• _Data supplied_
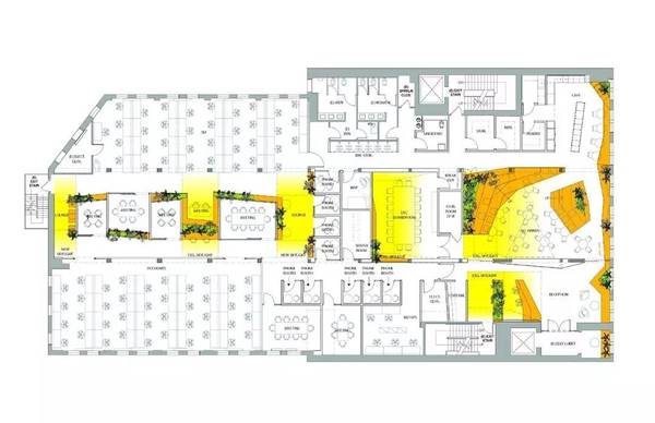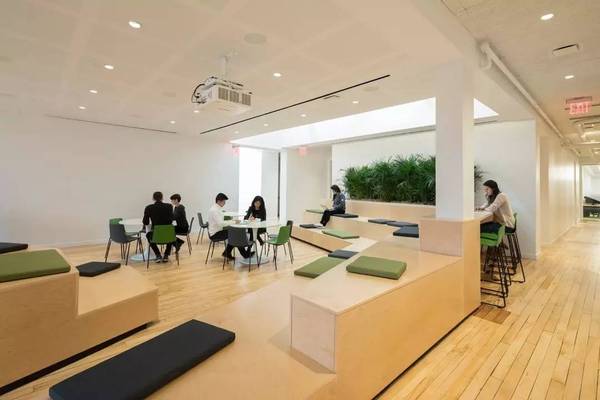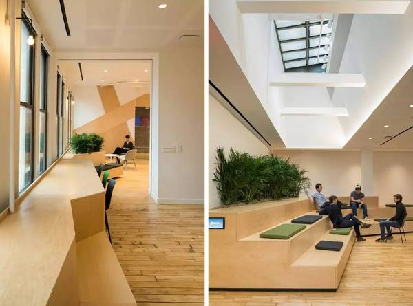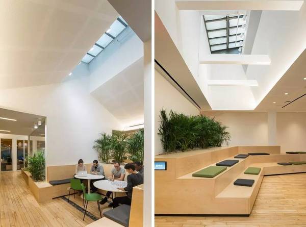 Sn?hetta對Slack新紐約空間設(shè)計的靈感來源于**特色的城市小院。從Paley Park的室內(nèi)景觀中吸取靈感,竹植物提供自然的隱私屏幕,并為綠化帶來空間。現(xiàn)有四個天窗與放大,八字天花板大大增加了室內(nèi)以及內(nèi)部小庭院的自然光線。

==

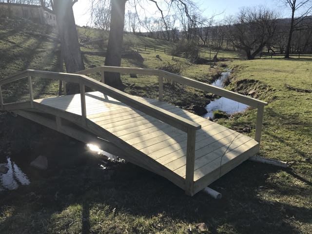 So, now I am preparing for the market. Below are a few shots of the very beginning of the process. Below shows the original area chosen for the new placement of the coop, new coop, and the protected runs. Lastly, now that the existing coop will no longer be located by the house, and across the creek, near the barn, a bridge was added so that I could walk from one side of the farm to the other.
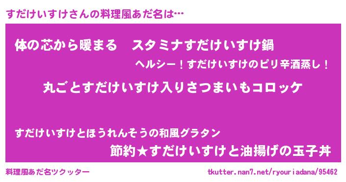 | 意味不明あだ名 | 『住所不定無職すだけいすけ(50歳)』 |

* * *

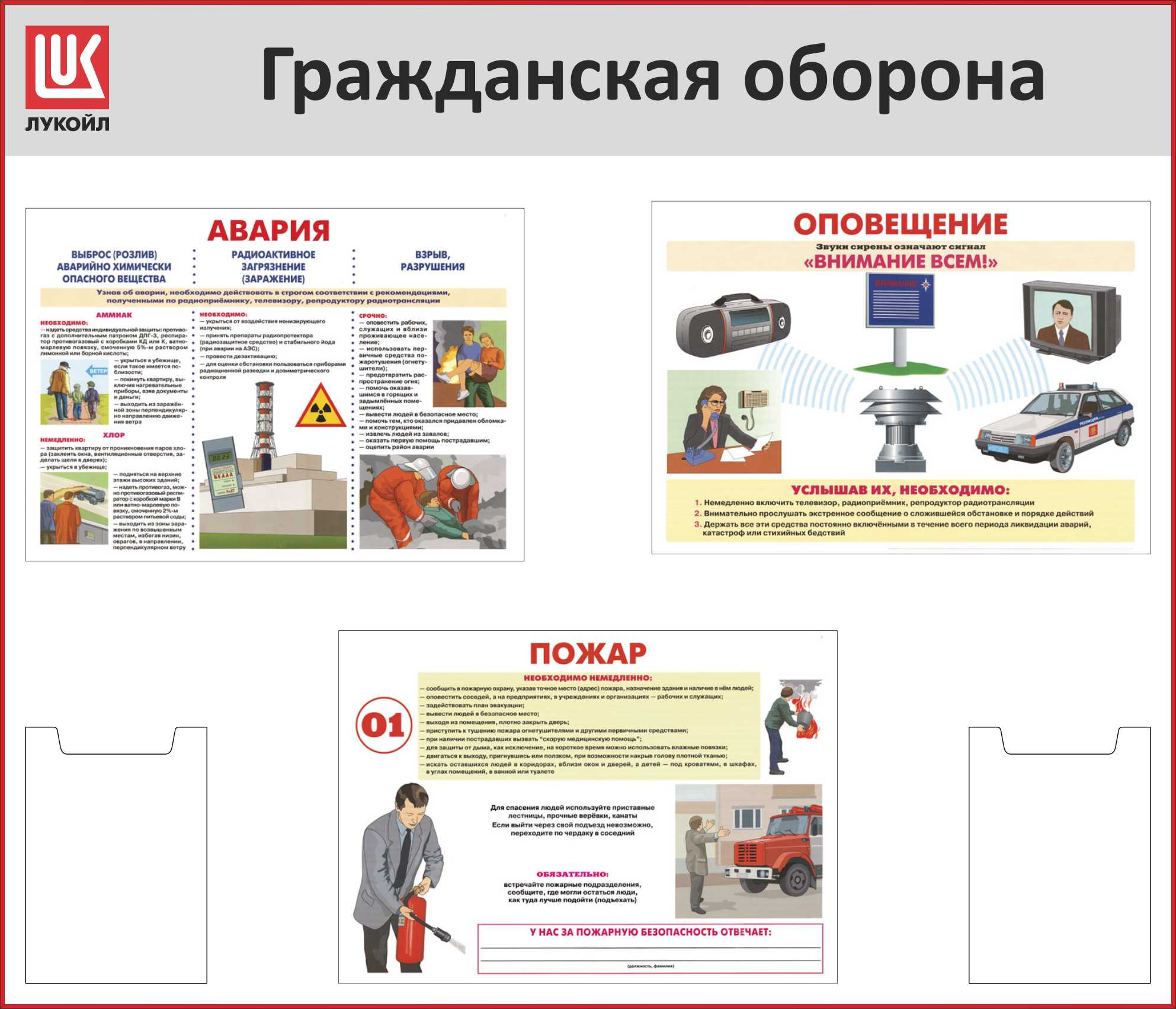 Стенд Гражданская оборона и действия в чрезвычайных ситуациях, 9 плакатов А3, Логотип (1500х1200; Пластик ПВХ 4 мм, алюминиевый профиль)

• _What you have to do_
All lines above starting at the one with "So, now I am" and ending at the one with "意味不明あだ名 | 『住所不定無職すだけいすけ(50歳)』 |", inclusive, are to be printed again exactly, with the pictures left out.

• _Response_
 So, now I am preparing for the market. Below are a few shots of the very beginning of the process. Below shows the original area chosen for the new placement of the coop, new coop, and the protected runs. Lastly, now that the existing coop will no longer be located by the house, and across the creek, near the barn, a bridge was added so that I could walk from one side of the farm to the other.
 | 意味不明あだ名 | 『住所不定無職すだけいすけ(50歳)』 |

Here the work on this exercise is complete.